Understanding "create a virtual filesystem which allows mapping of arbitrary directories" for FTP server project

Disclaimer: This is homework; I don't want a solution.
Also, no libraries outside c/c++ standard libraries are available.
I'm looking for a push in the right direction to understand what this portion of work from my assigned semester project (create a virtual FTP server) is even asking me to do:
The server allows to create a virtual filesystem. By a virtual filesystem, we mean a mapping of a served directory to the real directory on the filesystem. For example, the client tree will look like: /home/user1 maps to /mnt/x/home/user1 /www maps to /var/cache/www /home/user_list.txt maps to /var/ftpclient/user_list.txt The user will see /home/user1 directory and /www directory and the file /home/user_list.txt
I followed up with this question to my lecturer:
Are /home/user1 -> /mnt/x/home/user1 , /www -> /var/cache/www , and /var/cache/www/home/user_list.txt -> /var/ftpclient/user_list.txt the only directory mappings which need to be supported (so each user will have 2 directories and 1 file as shown automatically created for them)?

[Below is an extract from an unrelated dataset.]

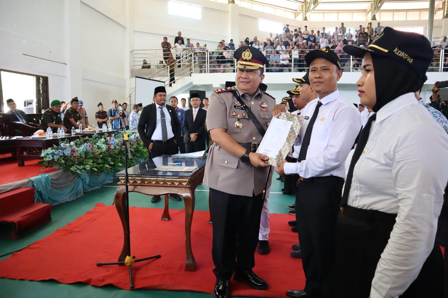 Kapolres Padang Lawas (Palas) AKBP Diari Astetika menghadiri upacara peringatan hari jadi Kabupaten Palas yang ke-16, di Halaman Kantor Bupati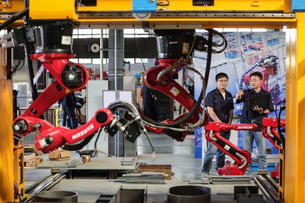 2024年6月3日,沈阳新松机器人自动化股份有限公司的机器人研发工程师讨论智能焊接机器人平台焊接方案。机器人工程技术人员作为人力资源和社会保障部2022年6月公布的18个新职业之一,在研发设计机器人工作中扮演着重要角色。让“铁疙瘩”听懂话、干对活,是他们的重要工作内容。

to which the following reply was given:
These mappings are just example settings. Your solution should be able
map anything to anything it similar way.
From my current understanding, I need to only allow users of my FTP server to access directories and files which are explicitly mapped (specified via the configuration file). This will probably mean a mapping of something like /home -> /home/users (so all users will see that they're in a pseudo root directory for FTP-ing stuff, e.g. user Bob sees /home/bob/.
Also, with which API do I need to work to support FTP commands like ls, cd, etc. which work with the real unerlying file system?
You are creating your own FTP server (or at least a portion thereof). It will need to solve the problem of /home/bob translates to /home/users/bob. I believe the way you are meant to do this is that if someone types cd /home/bob, you simply translate the passed in file-location to a function that takes the user-provided pat (in this case/home/bob) to it's "real" form (/home/users/bob) before it's passed to the chdir function that actually changes the directory. To make things like pwd and ls show the correct path, you will either need to "remember where you are" (bearing in mind that someone may want to do cd ../joe, cd ../tom/.././mats/../joe, or cd ..; cd joe to move to /home/joe, which should all [modulo my typos] translate to /home/users/joe but display as /home/joe - in other words, your cd will need to understand the current directory . and parent directory .. to move around), or have a "reverse translation" that takes /home/users/joe and comes up with /home/joe. It's my current thought that the latter is simpler, but I haven't solved EXACTLY this problem.
There are probably several solutions that you can follow, but a "match start of string" and working in absolute paths would work unless you want to do very complicated things and allow you don't need users to do REALLY complicated things, for example, if we have this mapping:
/home -> /mnt/x/home (e.g /home/bob becomes /mnt/x/home/bob)
/www -> /var/cache/www (e.g /www/index.html becomes /var/cache/www/index.html)
Now, if a user were to do:
cd /home/bob/../../www/ (could be worse with more . and .. mixed in)
then you need to actually understand where you are, and translate fix up ../.. into / again. [Of course, similar problems using a cd /home/bob then cd .. and cd www may pose similar problems].
I would clarify if that is actually required by your lecturer.
If it is not required, then match the start of anything starting with / (everything else, just pass to chdir without change)
The last question is the easiest: use the Boost Filesystem library, it has the types you'll need such as file paths.
For the first question, the idea is that GET /home/user_list.txt returns the contents of /var/ftpclient/user_list.txt. That means you first need to translate the virtual name into a real name (Some fanciness is possible here, but basically you want to check if any prefix of the virtual name appears in the translation table. Fanciness includes dealing with the case of names not found). Secondly, with the real name you want to open that file, read its contents, and return those to the client.